From 495e944f300251a19c1e8321814548a7862fddc1 Mon Sep 17 00:00:00 2001
From: Frank Schlimbach <frank.schlimbach@intel.com>
Date: Thu, 27 Jan 2022 12:12:42 +0100
Subject: [PATCH] Update Partitioned.md

Incorporated suggestions/feedback from https://github.com/data-apis/consortium-feedback/issues/7
---
 Partitioned.md | 55 +++++++++++++++++++++++++++-----------------------
 1 file changed, 30 insertions(+), 25 deletions(-)

diff --git a/Partitioned.md b/Partitioned.md
index c7e1f11..8c90573 100644
--- a/Partitioned.md
+++ b/Partitioned.md
@@ -1,15 +1,20 @@
 **Draft**
 
 # Motivation
-When operating in distributed memory systems a data container (such as tensors or data-frames) may be partitioned into several smaller chunks which might be allocated in distinct (distributed) address spaces. An implementation of operations defined specifically for such a partitioned data container will likely need to use specifics of the structure to provide good performance.
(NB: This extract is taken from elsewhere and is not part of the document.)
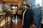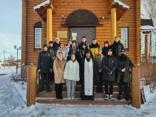 На богослужении присутствовали ученики 9-ого класса Средней общеобразовательной школы д. Шапша в сопровождении заместителя директора по воспитательной работе С.Л. Ивановой и советников директора по воспитательной работе А.А. Абрамова и А.С. Сутарминой.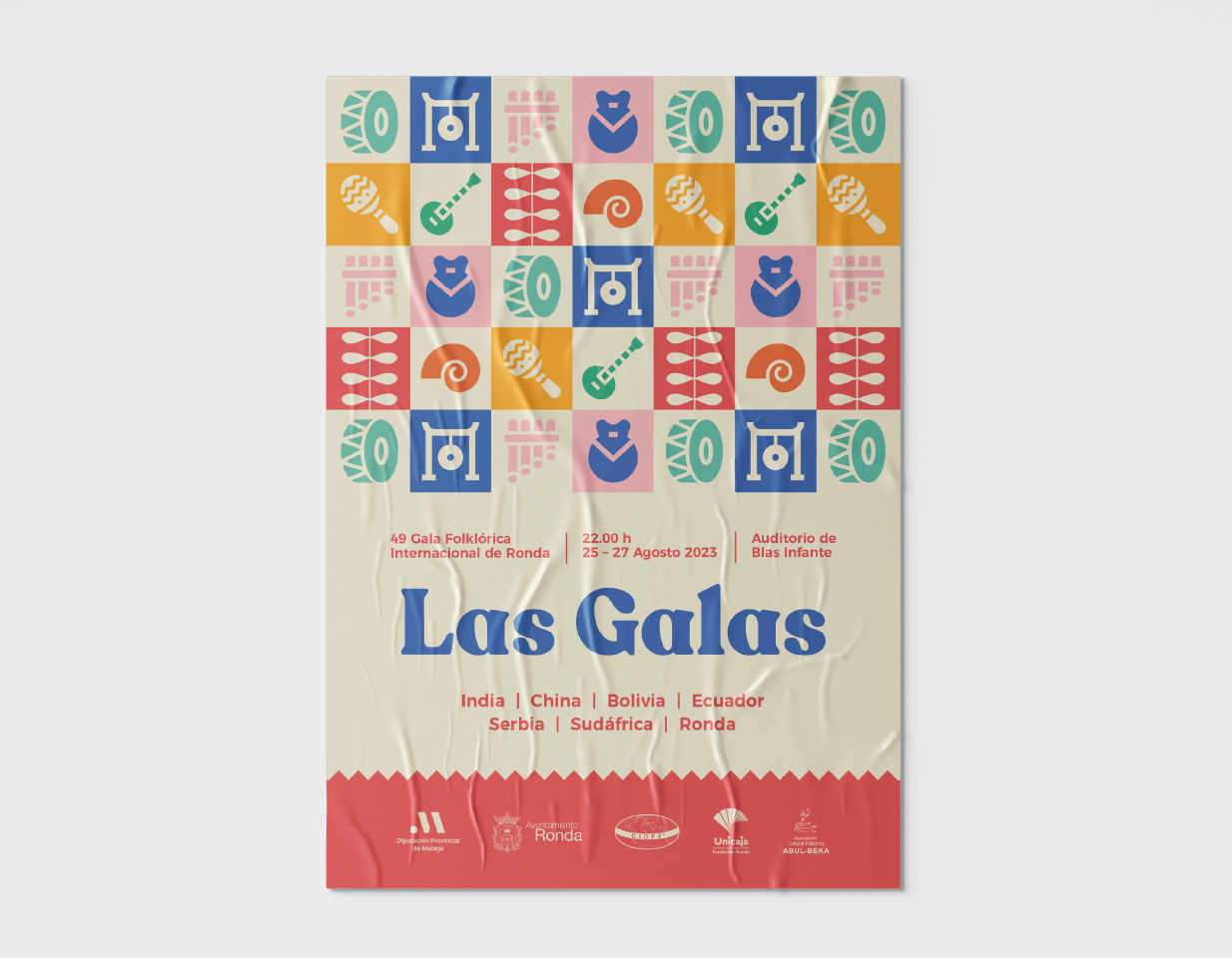 Con una trayectoria de casi cinco décadas, la imagen gráfica del evento ha evolucionado significativamente, explorando técnicas como colores planos, fotografías detalladas, ilustraciones y collages. Sin embargo, surgió un reto: la desconexión entre el nombre oficial del festival –“Galas Folklóricas Internacionales de Ronda”– y la forma en que se reconoce popularmente.

Most prominently, making use of the data locality can be vital. For a consumer of such a partitioned container it will be inconvenient (if not impossible) to write specific code for any possible partitioned and distributed data container. On the other hand, like with the array/dataframe API, it would be much better to have a standard way of extracting the meta data about the partitioned and distributed nature of a given container.
+When operating in distributed memory systems a data container (such as tensors or data-frames) needs to operate on several subsets of the data, each assigned to distinct (distributed) address spaces. An implementation of operations defined specifically for such a distributed data container will likely need to use specifics of the structure to provide good performance. Most prominently, making use of the data locality can be vital. For a consumer of such a partitioned container it will be inconvenient (if not impossible) to write specific code for any possible partitioned and/or distributed data container. On the other hand, like with the array API, it would be much better to have a standard way of extracting the meta data about the current partitioned and distributed state of a given container.
 
-The goal of the `__partitioned__` protocol is to allow partitioned and distributed data containers to expose information to consumers so that unnecessary copying can be avoided as much as possible.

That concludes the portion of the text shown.